> [TASK DESCRIPTION]
In the entries that follow, find the line containing "Hạt năng lượng tận cùng được" and the line containing "Very nice park.", then copy exactly everything from the first through the second except the pictures.

> [EXERCISE DATA]
####################

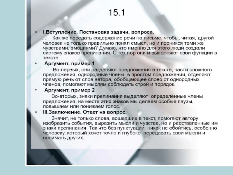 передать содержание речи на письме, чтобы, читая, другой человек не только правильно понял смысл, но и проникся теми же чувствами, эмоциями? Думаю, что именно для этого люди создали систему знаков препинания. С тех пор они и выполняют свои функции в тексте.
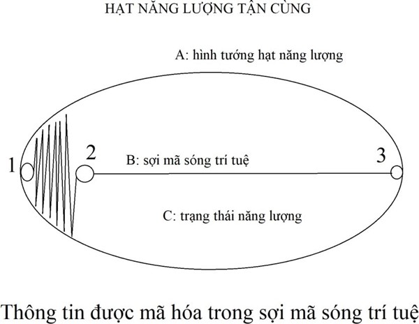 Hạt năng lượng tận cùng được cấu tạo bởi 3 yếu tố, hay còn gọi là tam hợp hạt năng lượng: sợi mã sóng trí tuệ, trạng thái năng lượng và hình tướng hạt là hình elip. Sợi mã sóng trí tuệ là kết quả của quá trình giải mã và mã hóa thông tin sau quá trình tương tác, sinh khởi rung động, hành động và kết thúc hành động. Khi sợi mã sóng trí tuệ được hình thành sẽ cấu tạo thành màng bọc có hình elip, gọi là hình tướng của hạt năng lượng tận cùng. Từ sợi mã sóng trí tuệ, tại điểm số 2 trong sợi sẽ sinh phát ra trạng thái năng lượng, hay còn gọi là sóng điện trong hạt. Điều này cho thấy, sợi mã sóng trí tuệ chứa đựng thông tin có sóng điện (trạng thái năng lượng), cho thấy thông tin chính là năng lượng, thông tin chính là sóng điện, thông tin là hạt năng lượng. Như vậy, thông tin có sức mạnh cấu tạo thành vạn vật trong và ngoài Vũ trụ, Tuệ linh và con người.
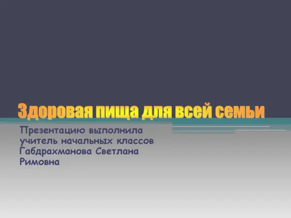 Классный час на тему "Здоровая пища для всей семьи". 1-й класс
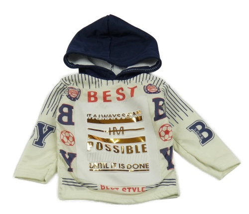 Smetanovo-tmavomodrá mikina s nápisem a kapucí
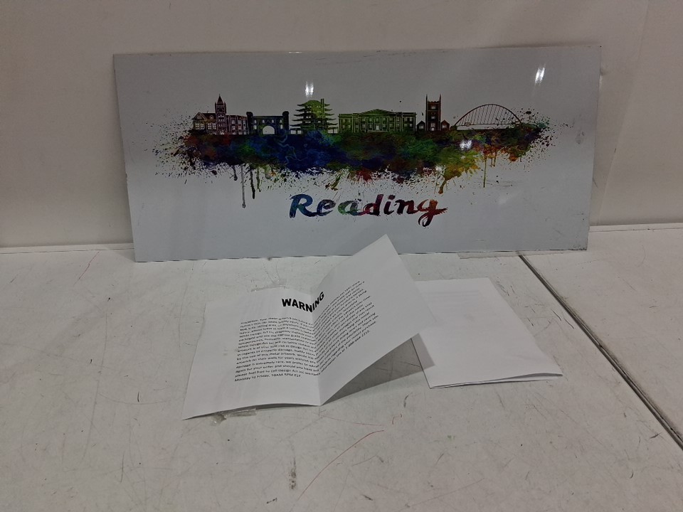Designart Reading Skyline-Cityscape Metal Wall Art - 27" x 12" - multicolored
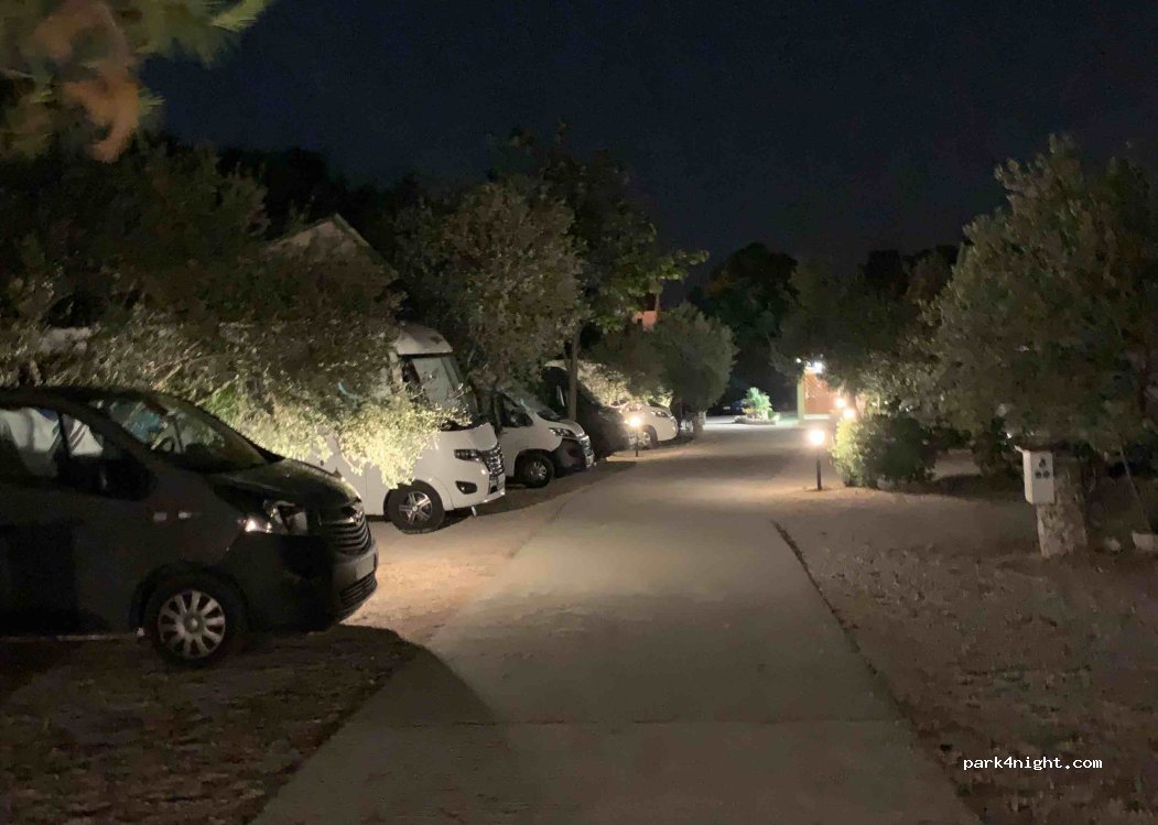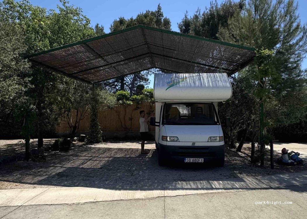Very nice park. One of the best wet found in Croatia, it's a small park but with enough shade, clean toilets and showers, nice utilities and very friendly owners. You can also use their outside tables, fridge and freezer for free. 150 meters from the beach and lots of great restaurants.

####################

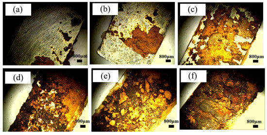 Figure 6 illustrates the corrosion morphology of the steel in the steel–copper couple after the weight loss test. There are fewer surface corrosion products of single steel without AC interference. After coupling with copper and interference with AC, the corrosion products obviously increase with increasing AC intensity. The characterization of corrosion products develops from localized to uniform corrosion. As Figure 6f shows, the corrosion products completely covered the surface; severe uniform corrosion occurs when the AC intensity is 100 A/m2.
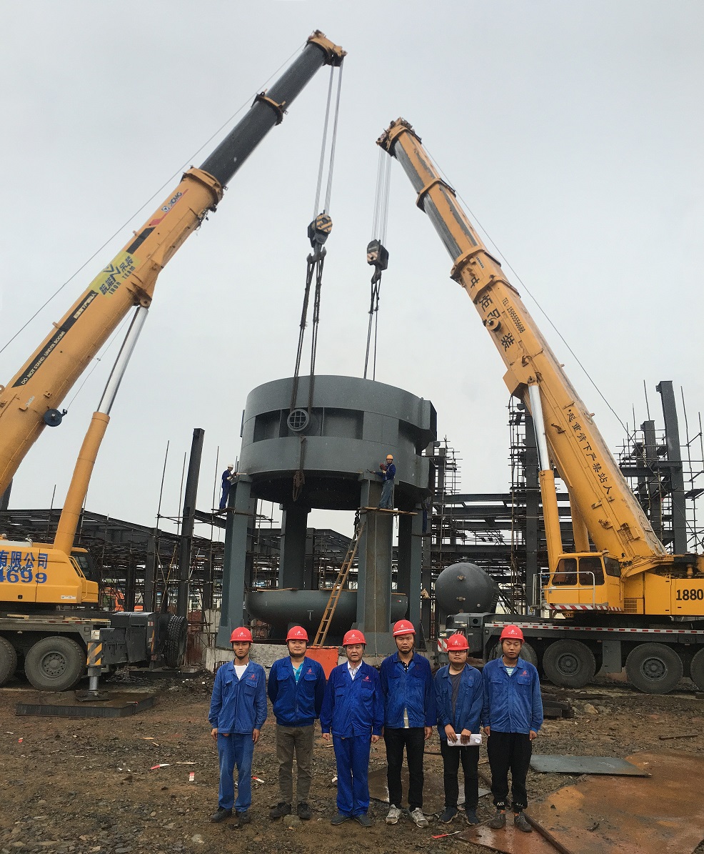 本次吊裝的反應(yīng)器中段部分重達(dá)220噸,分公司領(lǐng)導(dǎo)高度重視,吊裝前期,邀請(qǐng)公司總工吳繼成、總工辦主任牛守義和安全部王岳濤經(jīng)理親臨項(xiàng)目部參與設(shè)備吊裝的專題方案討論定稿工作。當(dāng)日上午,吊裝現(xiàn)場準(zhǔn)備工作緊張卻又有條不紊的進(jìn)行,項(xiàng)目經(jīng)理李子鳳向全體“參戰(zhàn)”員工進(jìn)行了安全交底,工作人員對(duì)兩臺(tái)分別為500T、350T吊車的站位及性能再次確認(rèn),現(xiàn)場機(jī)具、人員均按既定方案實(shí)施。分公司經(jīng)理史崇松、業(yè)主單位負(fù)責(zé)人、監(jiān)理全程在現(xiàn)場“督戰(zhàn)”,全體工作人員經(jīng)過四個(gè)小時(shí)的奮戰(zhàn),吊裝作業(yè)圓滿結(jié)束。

####################

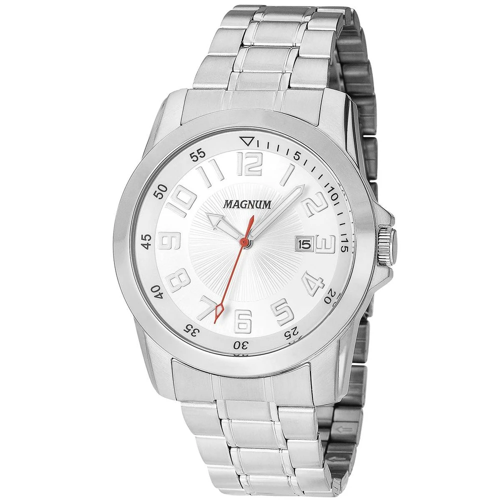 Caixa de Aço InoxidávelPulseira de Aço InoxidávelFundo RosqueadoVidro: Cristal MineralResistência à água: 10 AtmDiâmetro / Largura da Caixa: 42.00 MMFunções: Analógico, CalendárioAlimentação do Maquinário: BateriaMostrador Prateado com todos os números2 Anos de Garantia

####################

> [SOLUTION TO THIS EXERCISE]
 Hạt năng lượng tận cùng được cấu tạo bởi 3 yếu tố, hay còn gọi là tam hợp hạt năng lượng: sợi mã sóng trí tuệ, trạng thái năng lượng và hình tướng hạt là hình elip. Sợi mã sóng trí tuệ là kết quả của quá trình giải mã và mã hóa thông tin sau quá trình tương tác, sinh khởi rung động, hành động và kết thúc hành động. Khi sợi mã sóng trí tuệ được hình thành sẽ cấu tạo thành màng bọc có hình elip, gọi là hình tướng của hạt năng lượng tận cùng. Từ sợi mã sóng trí tuệ, tại điểm số 2 trong sợi sẽ sinh phát ra trạng thái năng lượng, hay còn gọi là sóng điện trong hạt. Điều này cho thấy, sợi mã sóng trí tuệ chứa đựng thông tin có sóng điện (trạng thái năng lượng), cho thấy thông tin chính là năng lượng, thông tin chính là sóng điện, thông tin là hạt năng lượng. Như vậy, thông tin có sức mạnh cấu tạo thành vạn vật trong và ngoài Vũ trụ, Tuệ linh và con người.
 Классный час на тему "Здоровая пища для всей семьи". 1-й класс
 Smetanovo-tmavomodrá mikina s nápisem a kapucí
Designart Reading Skyline-Cityscape Metal Wall Art - 27" x 12" - multicolored
Very nice park. One of the best wet found in Croatia, it's a small park but with enough shade, clean toilets and showers, nice utilities and very friendly owners. You can also use their outside tables, fridge and freezer for free. 150 meters from the beach and lots of great restaurants.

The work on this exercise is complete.